THE DATA:
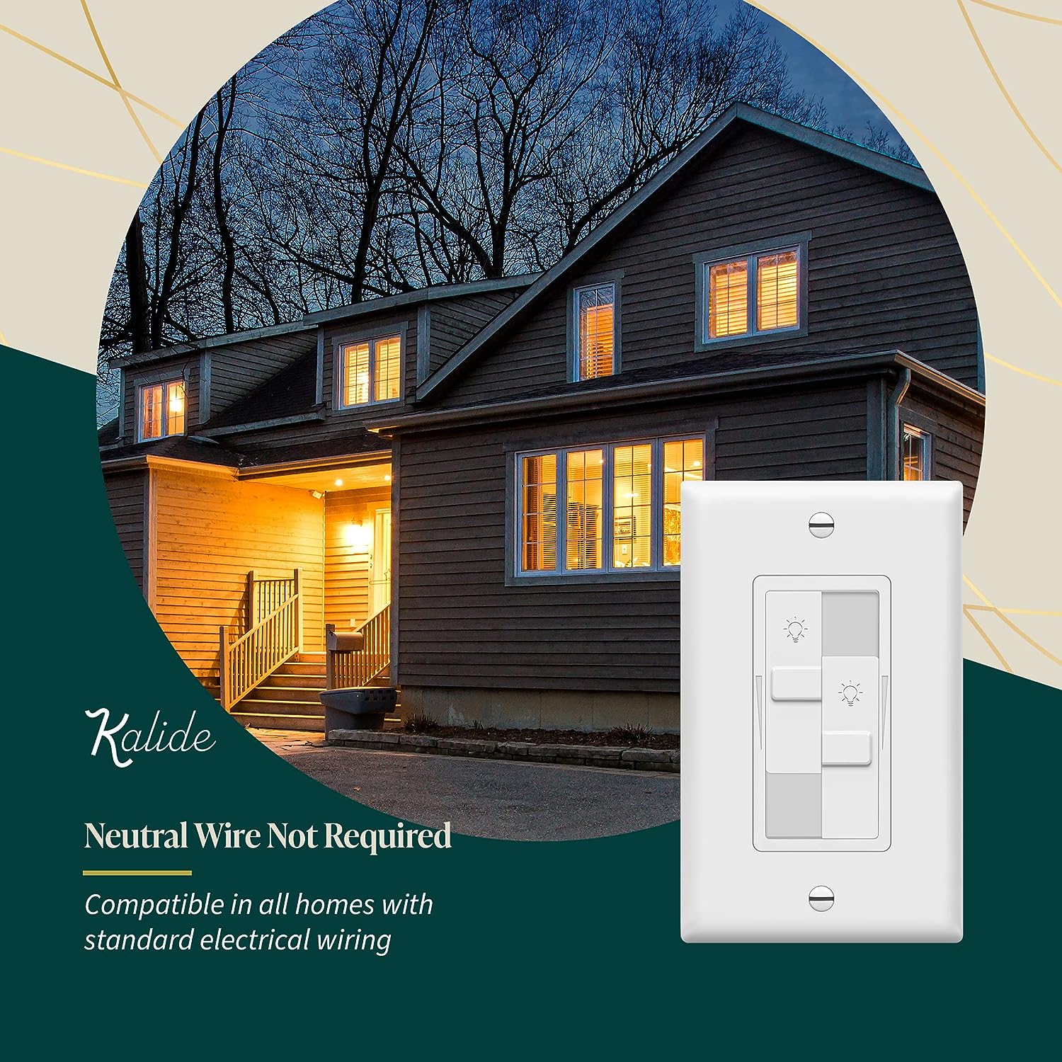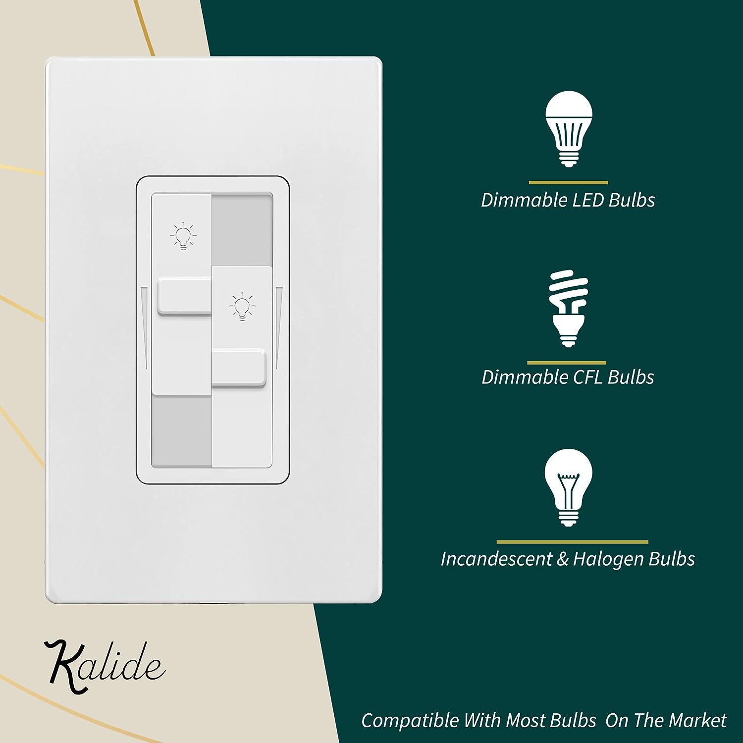 TOPGREENER Kalide Dual Load Dimmer Light Switch, Double LED Dimmer Switch, Full Range Dimming, Single Pole, 120VAC, 60Hz, 200W LED/CFL, Neutral Wire Not Required, TGDDS-W, White
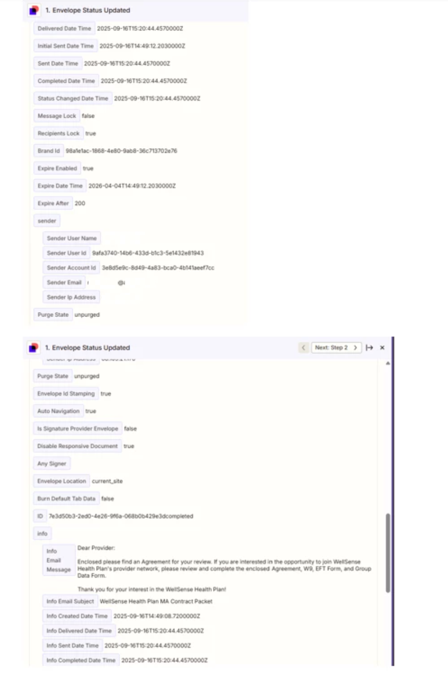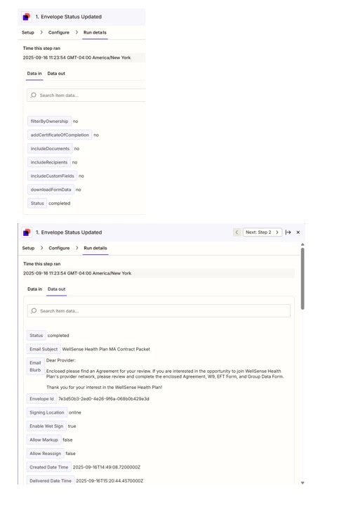 Both Zaps are functioning, but are no longer capturing the ‘Recipients Signers Name’ and ‘Recipients Signers Email’ fields from DocuSign. This started occurring on 9/11/2025, sometime between 3PM and 4PM EST. It seems like the new version of DocuSign (1.5.1) could be related? I have seen other posts that suggest going into the Zap rule and removing, then adding back the DocuSign connection as a sort of refresh, ensuring the latest version is being used. I have attempted that, but still getting the same results.
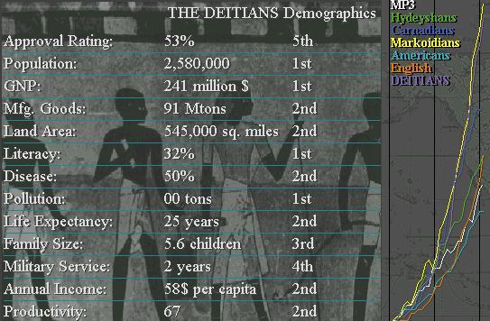Normal landmass, varied terrain, wet, cool, 4 billion yrs, Deity level, 7 civs

REQUIRED WORK: Would you write out the data exactly, with no pictures in the copy?

EXPECTED OUTPUT:
 TOPGREENER Kalide Dual Load Dimmer Light Switch, Double LED Dimmer Switch, Full Range Dimming, Single Pole, 120VAC, 60Hz, 200W LED/CFL, Neutral Wire Not Required, TGDDS-W, White
 Both Zaps are functioning, but are no longer capturing the ‘Recipients Signers Name’ and ‘Recipients Signers Email’ fields from DocuSign. This started occurring on 9/11/2025, sometime between 3PM and 4PM EST. It seems like the new version of DocuSign (1.5.1) could be related? I have seen other posts that suggest going into the Zap rule and removing, then adding back the DocuSign connection as a sort of refresh, ensuring the latest version is being used. I have attempted that, but still getting the same results.
Normal landmass, varied terrain, wet, cool, 4 billion yrs, Deity level, 7 civs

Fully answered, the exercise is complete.